Hamburgers and Hazard Lights

There’re many ways to spend a Sunday: some go to church and fellowship after; some watch football; some go to AA meetings; and some play video games all day long, but Nathan and I found something better to do: drive four hours to eat a hamburger.

Since we’ve moved to Texas, we’ve encountered a lot of things, in comparison to San Diego, that’d bring a person down, and one of those things was not being able to eat at “In-N-Out” because they don’t have one here, or so we thought!

Last week, Nathan found an “In-N-Out” in San Antonio. As a parent, I tend to want to fulfill my kids desires, much like God does, so when I heard of one in San Antonio, I immediately thought of driving there.

Lately, I’ve BEEN wanting to spend some alone time with each of the kids, to give them special attention and find out where they’re “at.” With Carolyn, I took her to get her permit and let her drive us around, all the while, talking about our future. With Nathan, I decided to take him for a burger.

After we were in the car for about an hour or so, he said, “Maybe this was a bad idea.” Quickly, I agreed, but we’d already made it so far that we continued on.

At first, I thought it’d be a three and a half hour drive, but as I watched the little Google map, I knew I was wrong. The farther we got the farther it seemed to slip away. It took f-o-r-e-v-e-r.

He slept, listened to music, played games, and I drove and talked to God a lot. In between our busy schedules, we had meaningful conversations, and THAT’s what it’s all about.

Now, Nathan’s not much of a picture person, so we didn’t get the classic “selfie” in front of the sign, but we got to smell the aroma of the most amazing burger joint as we ate, which can’t be captured in a picture.

Afterward, we’d wanted to get a couple burgers to-go for him and Carolyn and some fries, but of course, I messed up the order, which we didn’t realize until two hours into our car ride home and, then again later, when we GOT home. It was horrible. I probably cried for (at least) five minutes.

When you drive a total of eight hours to get a special meal and mess up on the orders, it can be devastating. Regardless, along the way, more was revealed.

Sometimes in life, we can end up going in the wrong direction, moving forward with caution, or simply weathering the storm, but whatever it takes to get back on track may be uniquely different for each one of us. For me, I found out where I was at through the storm.

On our way back from San Antonio (which, actually, the “In-N-Out” was in Windcrest), we encountered one of the worst storms I’d ever driven through. You know…one of those ones where you pray you LIVE through it because possible accidents run through your mind…yeah, that kind!

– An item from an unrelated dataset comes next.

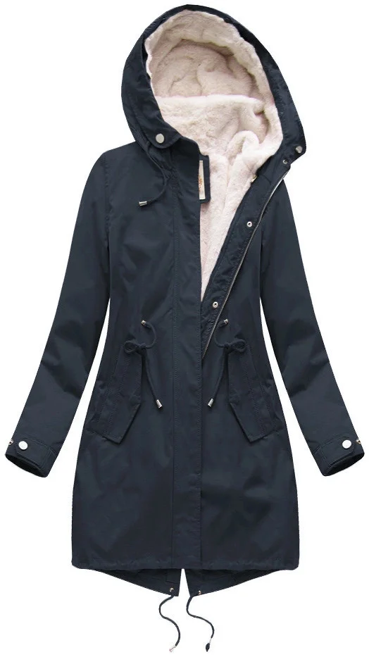 Přidání recenze k Tmavě modrá dámská zimní bunda parka s kapucí a odepínací kožešinovou podšívkou model 21242084 - Libland
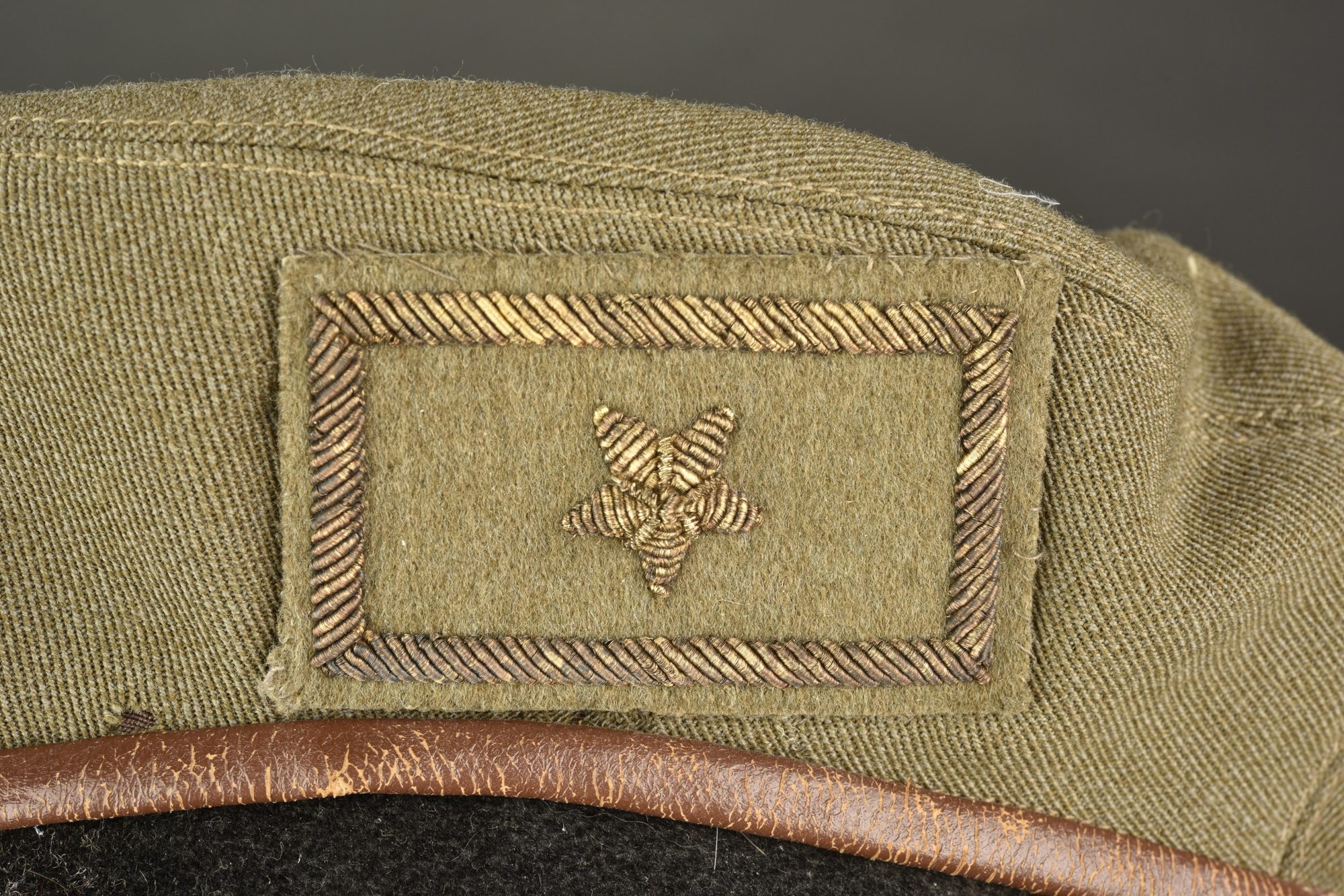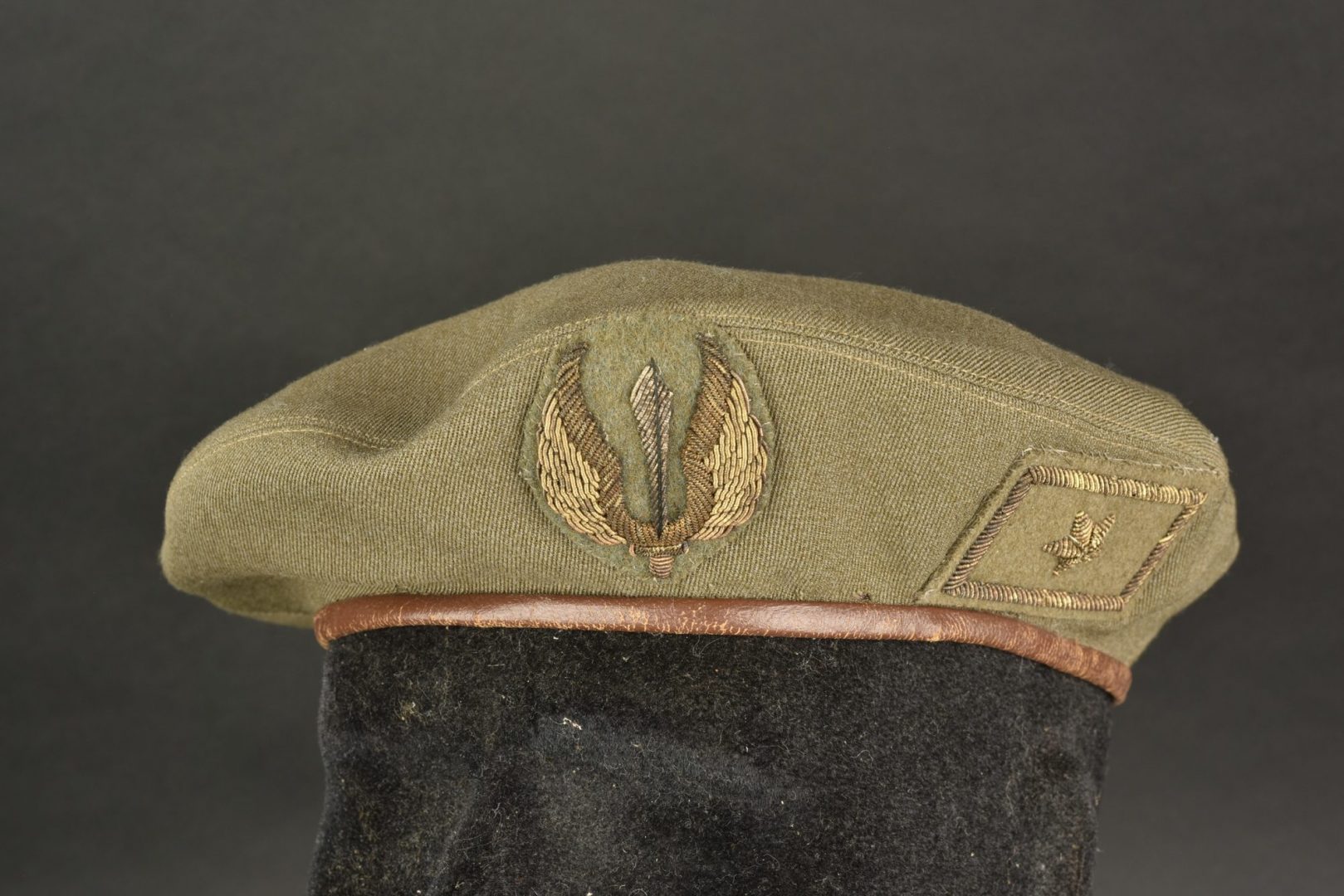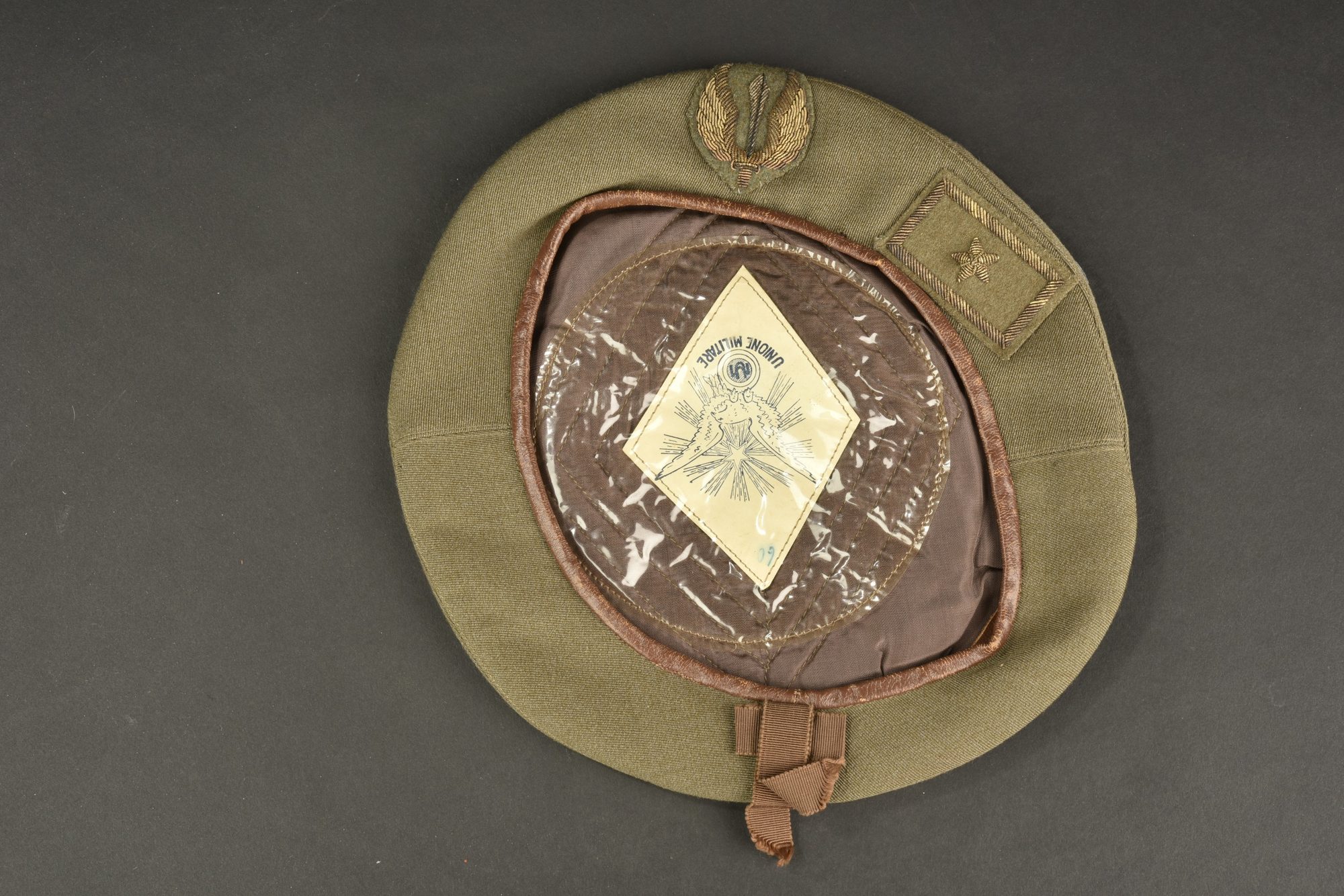 Béret de parachutiste italien. En gabardine grigio verde. Insigne de parachutiste italien en cannetille. Grade de sous-officier en cannetille. Bordure du béret en cuir marron. Intérieur doublé... en savoir plus

Anyway, as I was driving along, a red pickup truck pulled in front of me, and then, the rain poured down “heavily.” The sky was the darkest grey I’d ever seen, and the road seemed to blend in with it. Thankfully, Nathan was asleep, so whatever I was showing on my face and in the demeanor of my body wasn’t worrying him. Okay, now back to the road!

It was crazily insane. As the rain poured down harder, the truck in front of me slowed, and then, it looked as if he was pressing on his breaks over and over. I thought he’d been signalling for me to slow down, so I did, but then, the car next to him put on his hazards, and the car behind him did the same. It was then, I realized the red truck’s hazards were simply red, so I turned my harzards on.

At that moment, I looked in the rearview mirror, to find the people behind me flashing their hazards, and saw the people across the interstate doing the same, and knew it was a Texas thing (or at least at storm thing), and it made perfect sense.

In the thick of the storm, a constant tail light can disappear but a flashing light remains seen. These lights guided my through the storm and let those behind me know where to follow. Some had to pull over to wait it out, but I kept going, with caution, towards the light in front of me.

People, my harzards are on! The storm is thick, discouraging, and threatening my dreams, but I’ll keep going, at a slow pace, with my hazards on, following the One, Who’s flashing in front of me.

I’d wished I could’ve thanked the man in the red truck and would’ve, if he’d pulled off for gas or something, but instead, he ended up splitting off towards Edinburg, so I never got to thank him. If only he knew the lives he saved…

Anyway, if you can’t handle following me through this storm, pull over and wait it out. I’ll be okay.